Abstract
The plant growth hormone auxin controls cell identity, cell division, and expansion. In the primary root of Arabidopsis there is a robust auxin gradient with a peak concentration at the tip of the meristem and a significant decrease throughout the elongation zone. The molecular mechanisms of how such a steep auxin gradient is established and maintained, and how this auxin gradient within the root dynamically adjusts in response to environmental stimuli are still largely unknown. Here, using a large-scale Arabidopsis mutant screening, we described the identification of PIN2 (PIN-FORMED 2), an auxin efflux facilitator, as a key downstream regulator in glucose-TOR (target of rapamycin) energy signaling. We demonstrate that glucose-activated TOR phosphorylates and stabilizes PIN2 and therefore influences the gradient distribution of PIN2 in the Arabidopsis primary root. Interestingly, dysregulation of TOR or PIN2 disrupts the glucose-promoted low auxin region located in the elongation zone that is essential for cell elongation. Taken together, our results shed light on how carbon and metabolic status can be tightly integrated with the hormone-driven processes to orchestrate complex plant growth programs.

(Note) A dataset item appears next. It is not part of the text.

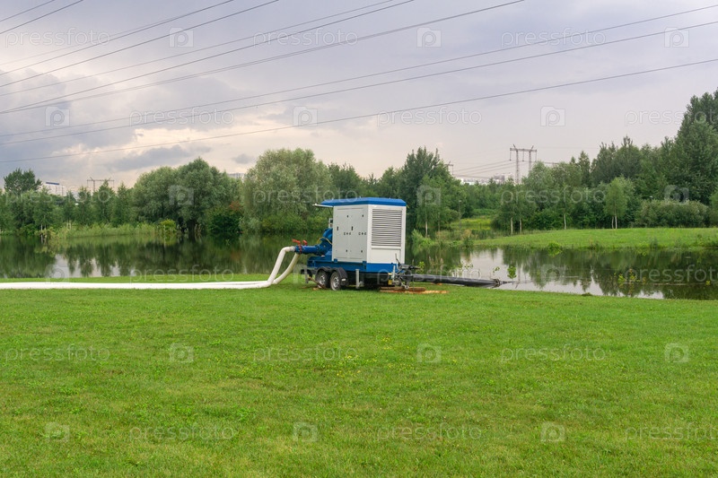 Насос сливает воду из парка, затопленного во время дождей

Keywords: auxin, glucose, target of rapamycin, root, PIN2
The evolutionarily conserved target of rapamycin (TOR) kinase acts as a master regulator that coordinates cell proliferation and growth by integrating nutrient, energy, hormone, and stress signals in all eukaryotes (1, 2). In plants, TOR senses both the glucose energy signal and the light-auxin hormone signal to promote the rapid plant growth (3–5), although the key downstream effectors are still largely unknown. Our prior studies found that Arabidopsis seedlings geminated in photosynthesis-restrained (with limited CO2) and sugar-free liquid medium entered a mitotic quiescent state with arrested primary root growth due to the depletion of endogenous sugars (4). Exogenously supplied glucose reactivated TOR activity and promoted rapid primary root growth, and this promotion could be abolished by specific TOR inhibitors (e.g., Torin2) (3, 6) (Fig. 1 A and B). Taking advantage of this quantitatively tractable root growth phenotype, we carried out a large-scale mutant screen using collections of confirmed T-DNA insertion lines from the Arabidopsis Biological Resource Center to identify the potential downstream regulators that mediate glucose-TOR promotion of root growth. We isolated one mutant line, SALK_122916c, as it was largely resistant to the inhibition effect of Torin2 on glucose-promoted primary root growth (Fig. 1 A and B). The T-DNA was inserted in the first exon of At5g67090, which was previously designated as PIN-FORMED 2 (PIN2). To exclude possible pleiotropic effects of T-DNA insertion, we examined another well-recognized PIN2 mutant, eir1-1 (7), and found that eir1-1, as compared to WT seedlings, was also less sensitive to Torin2-inhibited root growth (Fig. 1 A and B).
Fig. 1.
PIN2 is a key downstream regulator in glucose-TOR signaling. (A) Images of representative seedlings in WT (Col-0), eir1-1, and SALK_122916c lines with or without glucose (Glc) and Torin2 (T) treatment. (Scale bar, 5 mm.) (B) Relative ratio of root length of A. Means ± SE, unpaired two-tailed t test, ***P < 0.001. (C) EdU staining of root meristem in WT (Col-0) and eir1-1 with or without 2 h glucose (Glc) and Torin2 (T) treatment. (Scale bar, 50 μm.) (D) Quantification of relative EdU intensity in C. (E) Cell length in differentiation zone of Col-0 and eir1-1 with or without glucose (Glc) and Torin2 (T) treatment. Images shown are part of the 10th to 16th epidermal cells after onset of cell elongation. (Scale bar, 50 μm.) D, differentiation; E, elongation; M, meristem. Red and yellow asterisks indicate the bottom and upper boundary of a cell, respectively. (F) Relative ratio of root cell length in E. Means ± SE, unpaired two-tailed t test, ***P < 0.001.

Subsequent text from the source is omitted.